**Exercise brief**
Using the listing below, copy exactly each line from the one that has "2025年5月8日下午,人工" through the one that has "4. Арина – ученица"; omit the pictures.

**Data supplied**
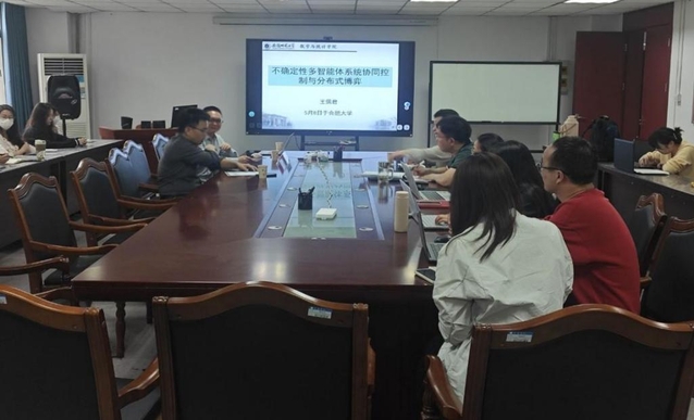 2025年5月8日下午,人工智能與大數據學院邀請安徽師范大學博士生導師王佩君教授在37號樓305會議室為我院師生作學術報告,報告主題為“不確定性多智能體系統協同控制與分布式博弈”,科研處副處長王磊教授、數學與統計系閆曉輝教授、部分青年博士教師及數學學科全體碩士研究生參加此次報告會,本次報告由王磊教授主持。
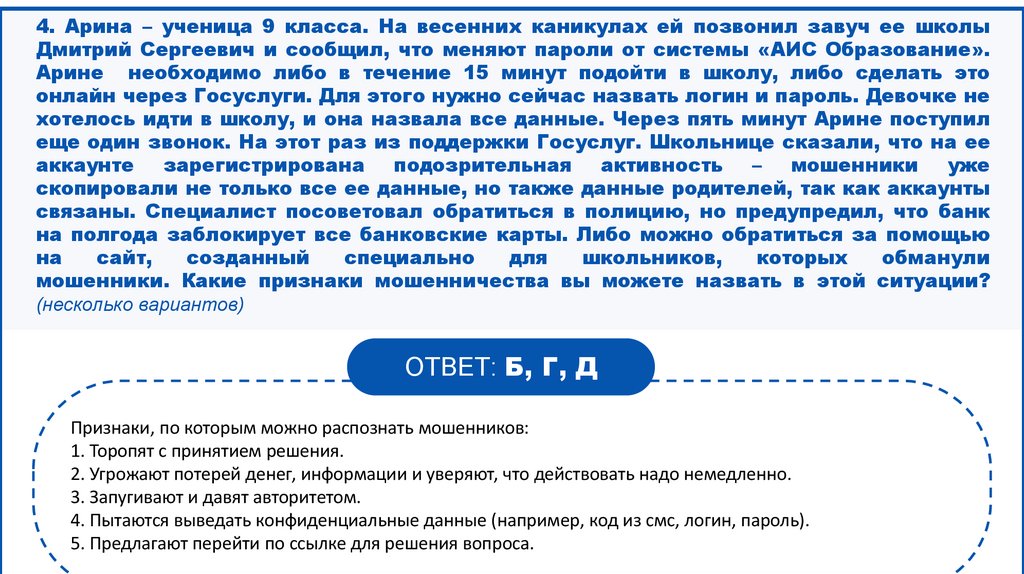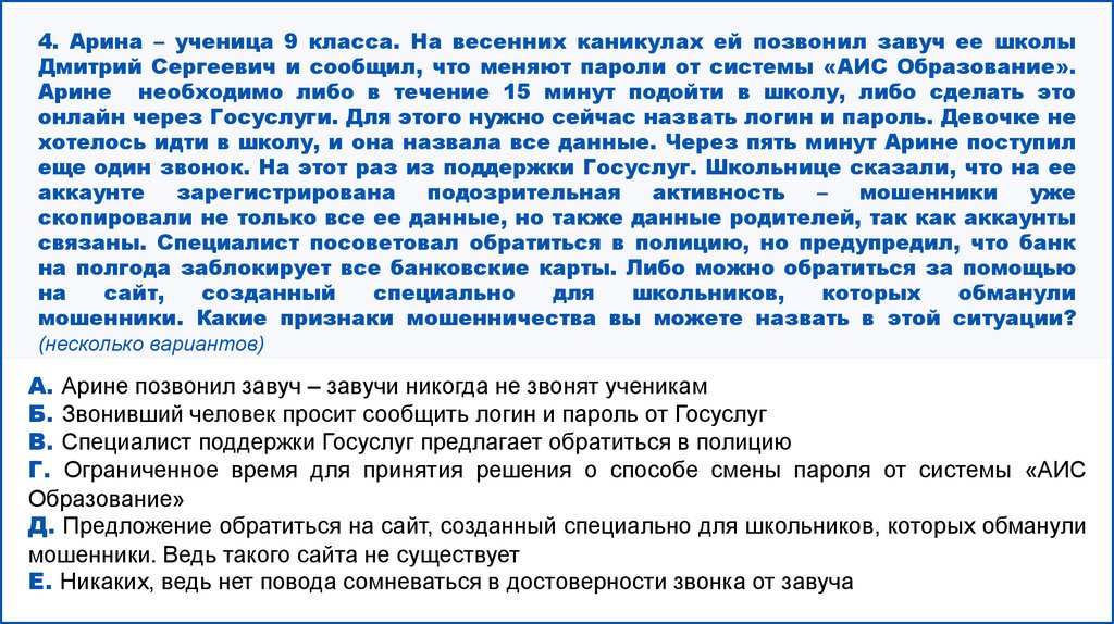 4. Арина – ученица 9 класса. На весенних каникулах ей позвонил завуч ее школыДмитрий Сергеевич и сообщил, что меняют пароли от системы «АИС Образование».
...
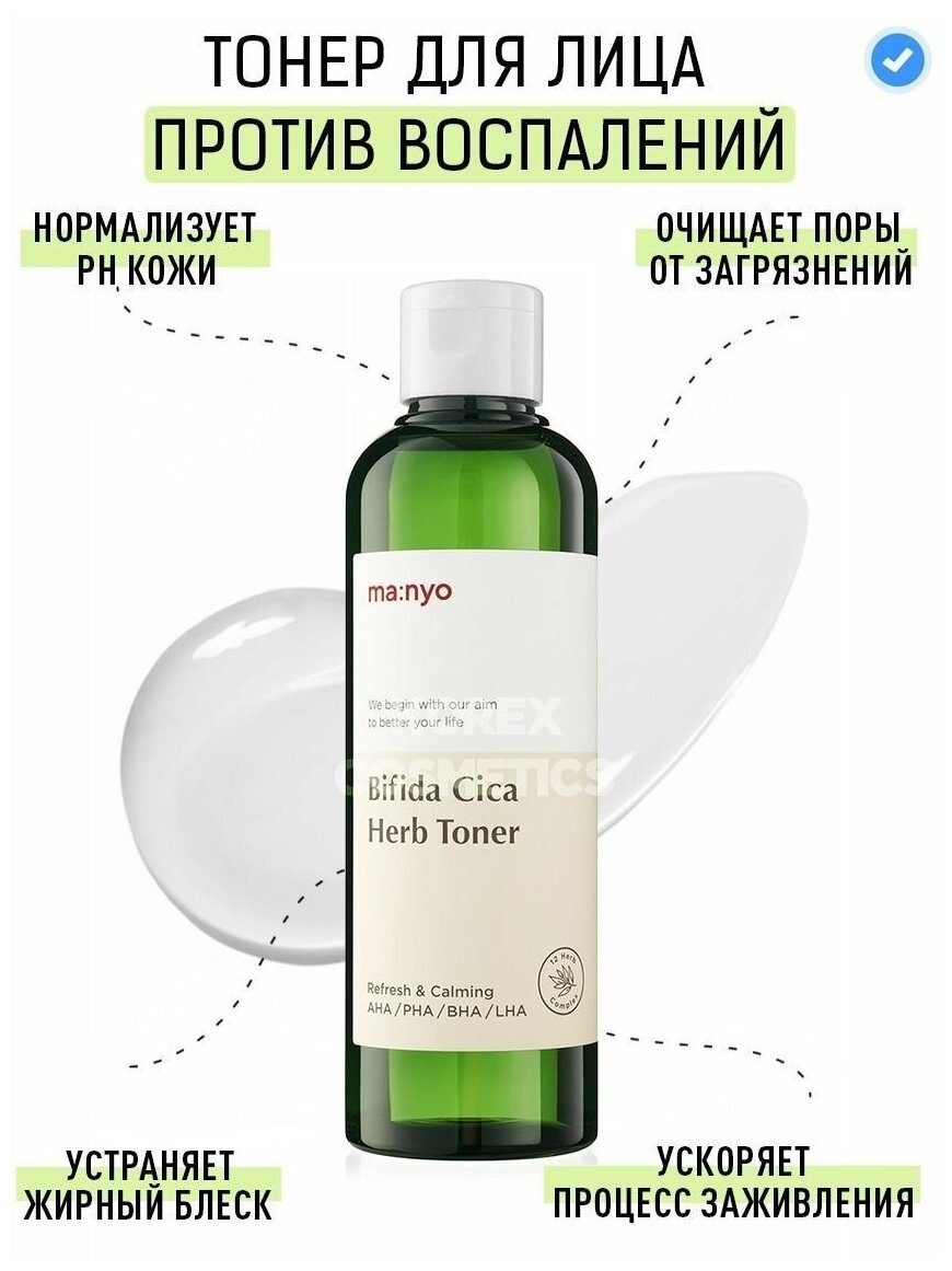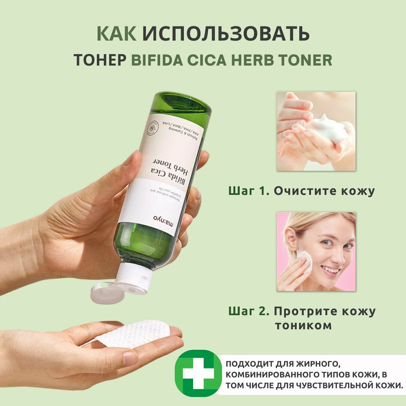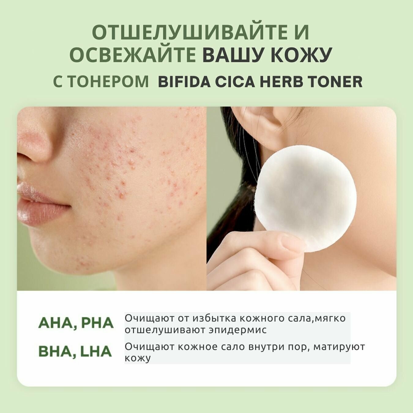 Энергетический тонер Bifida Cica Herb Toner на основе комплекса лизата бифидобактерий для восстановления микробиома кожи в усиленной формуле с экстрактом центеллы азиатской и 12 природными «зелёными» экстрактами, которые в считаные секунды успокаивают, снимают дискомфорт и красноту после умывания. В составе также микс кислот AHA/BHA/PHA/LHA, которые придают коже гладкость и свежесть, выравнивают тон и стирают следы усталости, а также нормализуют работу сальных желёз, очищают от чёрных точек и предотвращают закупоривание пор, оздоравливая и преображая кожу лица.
---
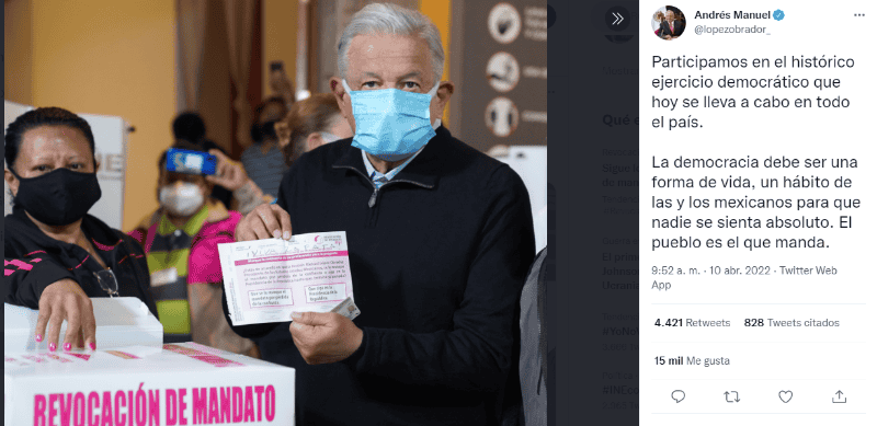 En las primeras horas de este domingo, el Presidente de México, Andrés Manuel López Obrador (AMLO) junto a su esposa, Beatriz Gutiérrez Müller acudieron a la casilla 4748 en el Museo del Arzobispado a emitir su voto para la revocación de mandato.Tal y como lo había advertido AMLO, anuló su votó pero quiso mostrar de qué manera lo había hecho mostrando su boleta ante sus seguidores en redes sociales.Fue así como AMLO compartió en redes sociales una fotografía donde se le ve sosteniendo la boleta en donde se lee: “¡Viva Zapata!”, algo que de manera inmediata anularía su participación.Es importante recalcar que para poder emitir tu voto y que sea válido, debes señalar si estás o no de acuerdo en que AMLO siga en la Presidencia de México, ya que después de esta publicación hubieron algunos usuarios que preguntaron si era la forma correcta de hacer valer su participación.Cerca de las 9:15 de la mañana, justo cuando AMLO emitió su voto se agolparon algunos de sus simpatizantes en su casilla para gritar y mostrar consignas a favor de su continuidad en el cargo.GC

**Task answer**
 2025年5月8日下午,人工智能與大數據學院邀請安徽師范大學博士生導師王佩君教授在37號樓305會議室為我院師生作學術報告,報告主題為“不確定性多智能體系統協同控制與分布式博弈”,科研處副處長王磊教授、數學與統計系閆曉輝教授、部分青年博士教師及數學學科全體碩士研究生參加此次報告會,本次報告由王磊教授主持。
 4. Арина – ученица 9 класса. На весенних каникулах ей позвонил завуч ее школыДмитрий Сергеевич и сообщил, что меняют пароли от системы «АИС Образование».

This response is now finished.